BEGIN

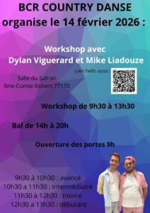 Le Samedi 14 Février 2026, Journée Line Dance des *BCR Country Danse*, de 09h30 à 20h00, avec Workshop et Bal, Salle du Safran, à Brie Comte Robert (77170), Seine et Marne.
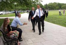 ساکنان واشنگتن، پایتخت، با دیدن رئیس جمهور آمریکا در حال قدم زدن در خیابان شگفت زده شدند.اوباما کت خود را با یک دست روی دوش انداخته بود و به مردم سلام می کرد.
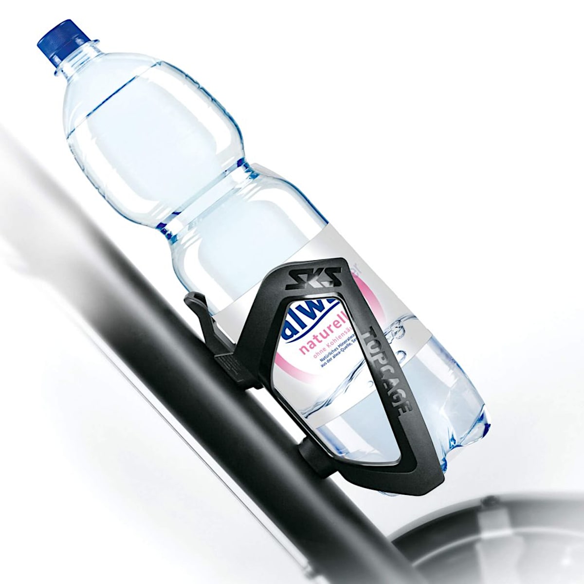 Der leichte und robuste Der SKS TOPCAGE Flaschenhalter aus hochfestem Kunststoff nimmt neben klassischen Fahrrad-Trinkflaschen auch großvolumige Formate und PET-Flaschen auf. Die variable Halteklammer sorgt für eine sichere Arretierung der verschiedenen Flaschengrößen. Dank des flexiblen Materials lässt sich die Trinkflasche leicht einstecken und wieder entnehmen.

END

= Exercise objective =
Exactly the lines running from the one with "ساکنان واشنگتن، پایتخت،" through the end of the listing above must be output, both ends included. No pictures belong in the output.

= Answer to the exercise =
 ساکنان واشنگتن، پایتخت، با دیدن رئیس جمهور آمریکا در حال قدم زدن در خیابان شگفت زده شدند.اوباما کت خود را با یک دست روی دوش انداخته بود و به مردم سلام می کرد.
 Der leichte und robuste Der SKS TOPCAGE Flaschenhalter aus hochfestem Kunststoff nimmt neben klassischen Fahrrad-Trinkflaschen auch großvolumige Formate und PET-Flaschen auf. Die variable Halteklammer sorgt für eine sichere Arretierung der verschiedenen Flaschengrößen. Dank des flexiblen Materials lässt sich die Trinkflasche leicht einstecken und wieder entnehmen.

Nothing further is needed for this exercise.